To do =>
Omit the pictures and output exactly the lines from the start of the entries through the line containing "L'escalier graphique mène".

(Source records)
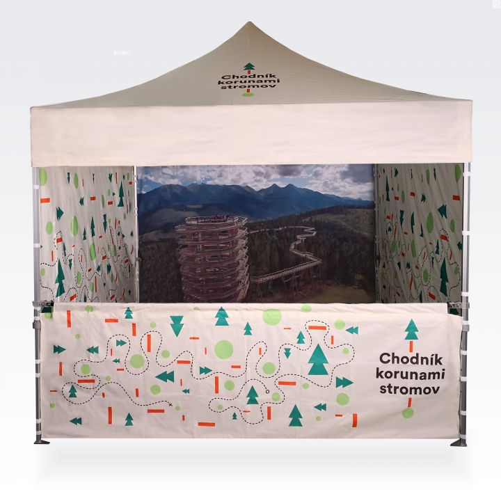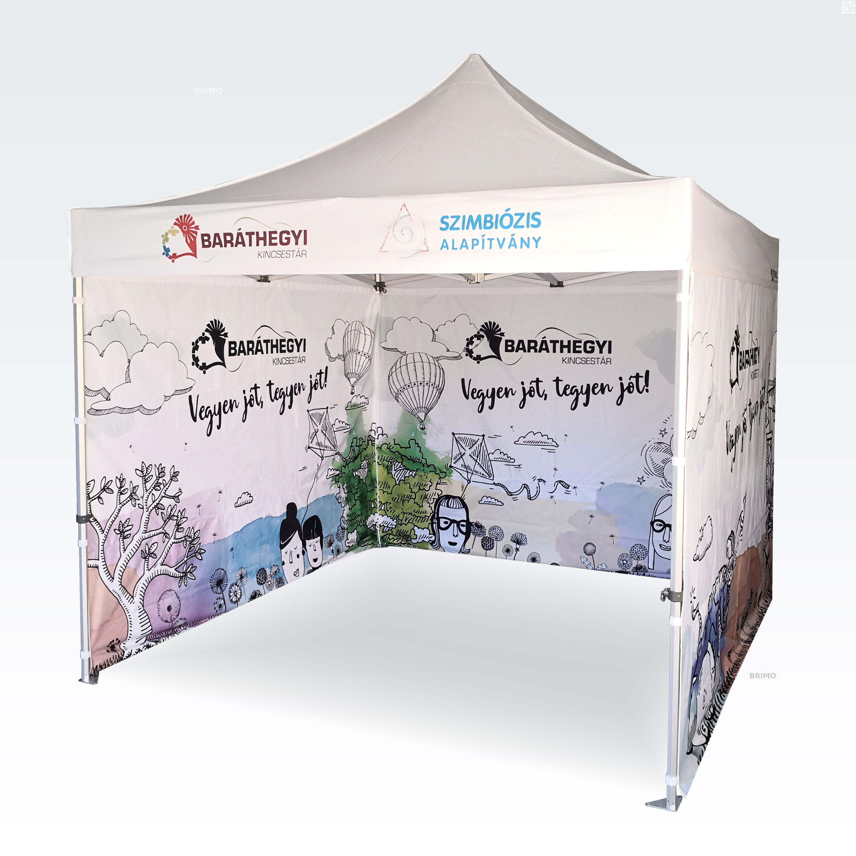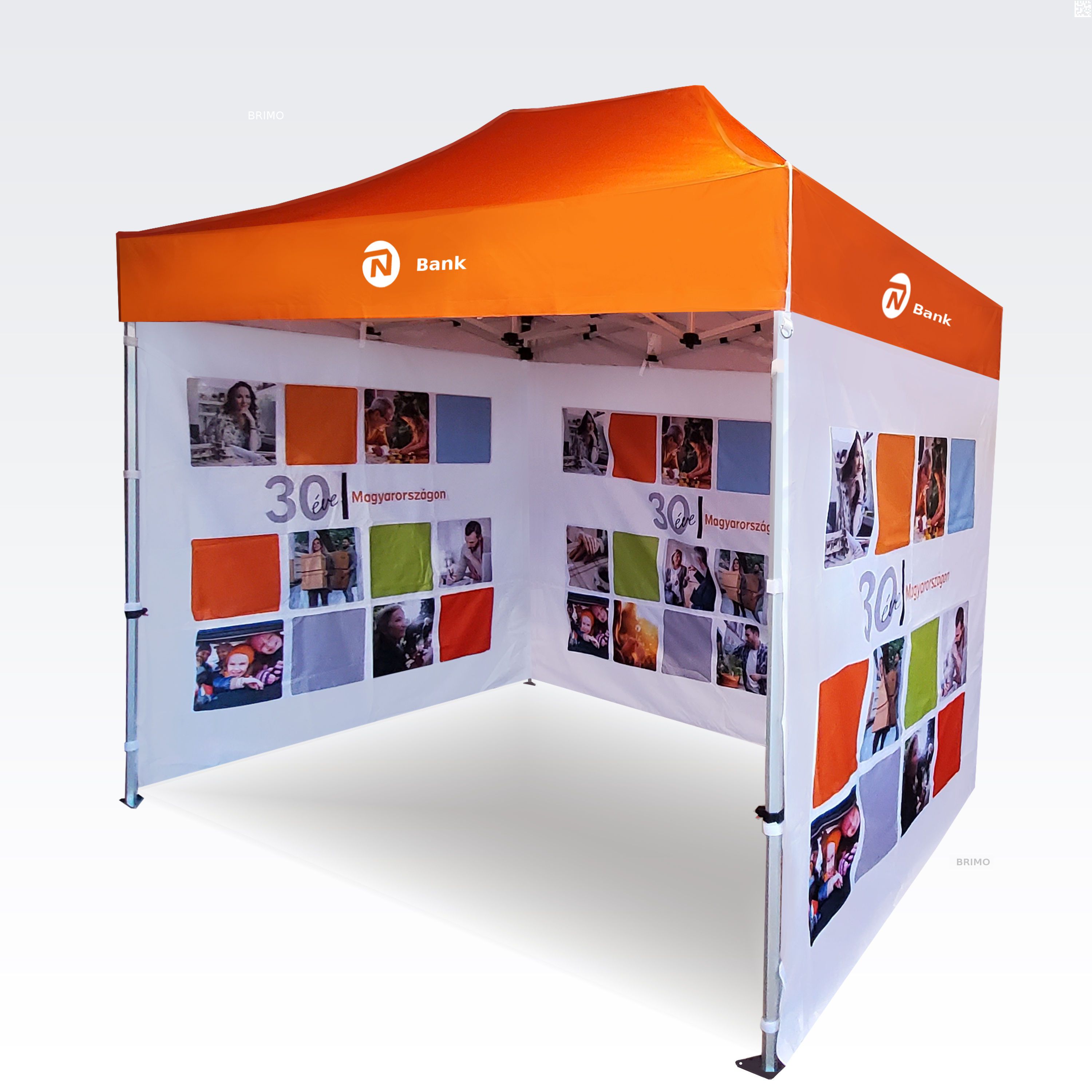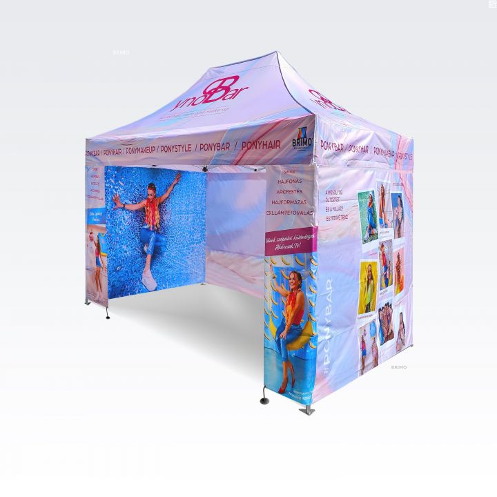 De kleuren zijn zeer intens en deze methode weerspiegelt elk detail perfect op promotietenten. Heldere, verzadigde kleuren trekken de aandacht, en sublimatie zorgt ervoor dat de bedrukking langdurig meegaat zonder kleurverlies. Met deze methode blijft de prijs hetzelfde, ongeacht de grootte van de opdruk (de grootte beïnvloedt de prijs niet; de kosten van de zijwand of het dak blijven gelijk). Hoe groter de bedrukking, hoe zichtbaarder de reclame.
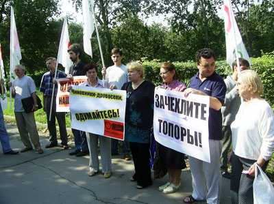 "Яблочники" держали плакаты "Чиновники-дровосеки, одумайтесь!" и "Зачехлите топоры!". Помимо этого, они принесли с собой 10 ящиков с яблоками, которые уже на месте были освящены отцом Александром из калитниковского Храма иконы Божией Матери "Всех Скорбящих Радость".
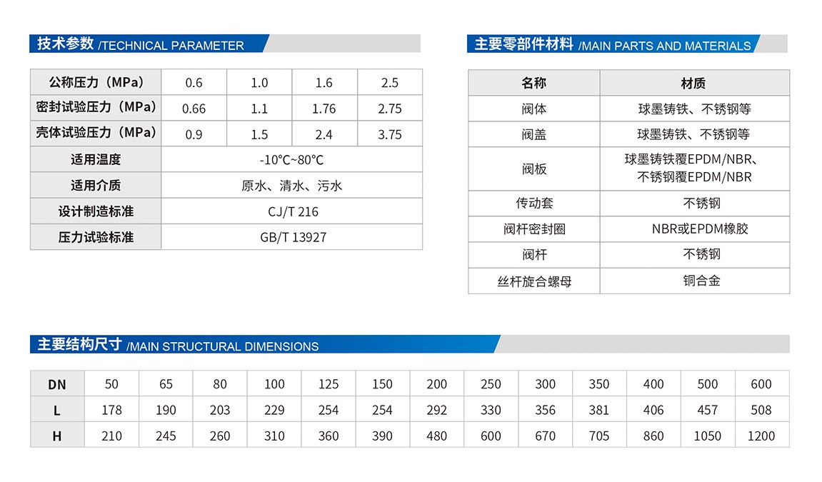 閥門(mén)不會(huì)生銹,與介質(zhì)接觸的橡膠及環(huán)氧樹(shù)脂涂層均不會(huì)對(duì)水質(zhì)構(gòu)成影響。
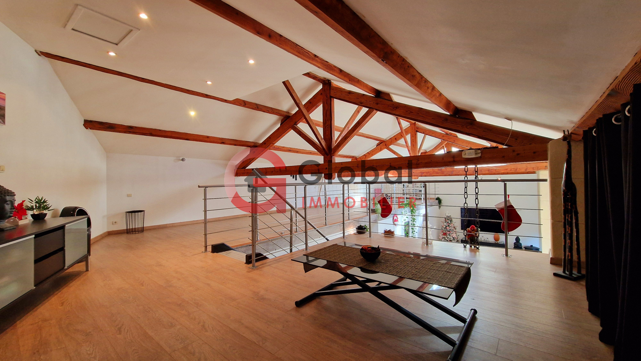 L'escalier graphique mène ensuite sur un vaste plateau en mezzanine. Cet espace polyvalent, niché sous les poutres apparentes, offre une surface utile généreuse de plus de 60m² (dont 48m² supérieurs à 1,80m) idéale pour un espace bureau, du stockage, un coin lecture, salle de sport ou de jeux avec vue plongeante sur le séjour.
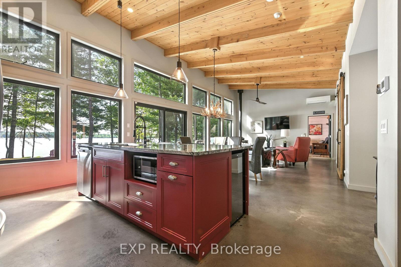 Nestled along the picturesque shores of the Ottawa River, this delightful property offers the perfect blend of rustic charm and modern comfort. Large windows frame breathtaking river views, ensuring youre always just a glance away from nature's beauty. The cozy living room is perfect for relaxing after a day of exploring, while the modern kitchen, complete with sleek countertops and ample storage, is ideal for preparing meals to be enjoyed in the adjacent dining area. Whether you're entertaining family or unwinding with loved ones, this open-concept space provides the flexibility to create memories. Step outside and you're greeted by your very own sandy beach, offering a peaceful retreat and the perfect spot for summer activities. Enjoy leisurely walks along the water's edge, paddleboarding, or simply soaking in the serene surroundings. The backyard provides ample space for outdoor dining, barbecues, or simply enjoying the stunning sunsets over the river. With 2 bedrooms, 2 bathrooms, a spacious sunroom and a separate guest cabin, this home offers comfort and convenience, all while being just moments away from the tranquility of the water. Whether you're looking for a seasonal getaway or a year-round retreat, this Ottawa River gem offers the perfect balance of relaxation and recreation.Dont miss out on the chance to own your piece of paradise. Additionnal features include : high ceilings, radiant floor heating, rear deck. Schedule a viewing today and imagine your life at the water's edge! (id:64974)

Answer box =>
 De kleuren zijn zeer intens en deze methode weerspiegelt elk detail perfect op promotietenten. Heldere, verzadigde kleuren trekken de aandacht, en sublimatie zorgt ervoor dat de bedrukking langdurig meegaat zonder kleurverlies. Met deze methode blijft de prijs hetzelfde, ongeacht de grootte van de opdruk (de grootte beïnvloedt de prijs niet; de kosten van de zijwand of het dak blijven gelijk). Hoe groter de bedrukking, hoe zichtbaarder de reclame.
 "Яблочники" держали плакаты "Чиновники-дровосеки, одумайтесь!" и "Зачехлите топоры!". Помимо этого, они принесли с собой 10 ящиков с яблоками, которые уже на месте были освящены отцом Александром из калитниковского Храма иконы Божией Матери "Всех Скорбящих Радость".
 閥門(mén)不會(huì)生銹,與介質(zhì)接觸的橡膠及環(huán)氧樹(shù)脂涂層均不會(huì)對(duì)水質(zhì)構(gòu)成影響。
 L'escalier graphique mène ensuite sur un vaste plateau en mezzanine. Cet espace polyvalent, niché sous les poutres apparentes, offre une surface utile généreuse de plus de 60m² (dont 48m² supérieurs à 1,80m) idéale pour un espace bureau, du stockage, un coin lecture, salle de sport ou de jeux avec vue plongeante sur le séjour.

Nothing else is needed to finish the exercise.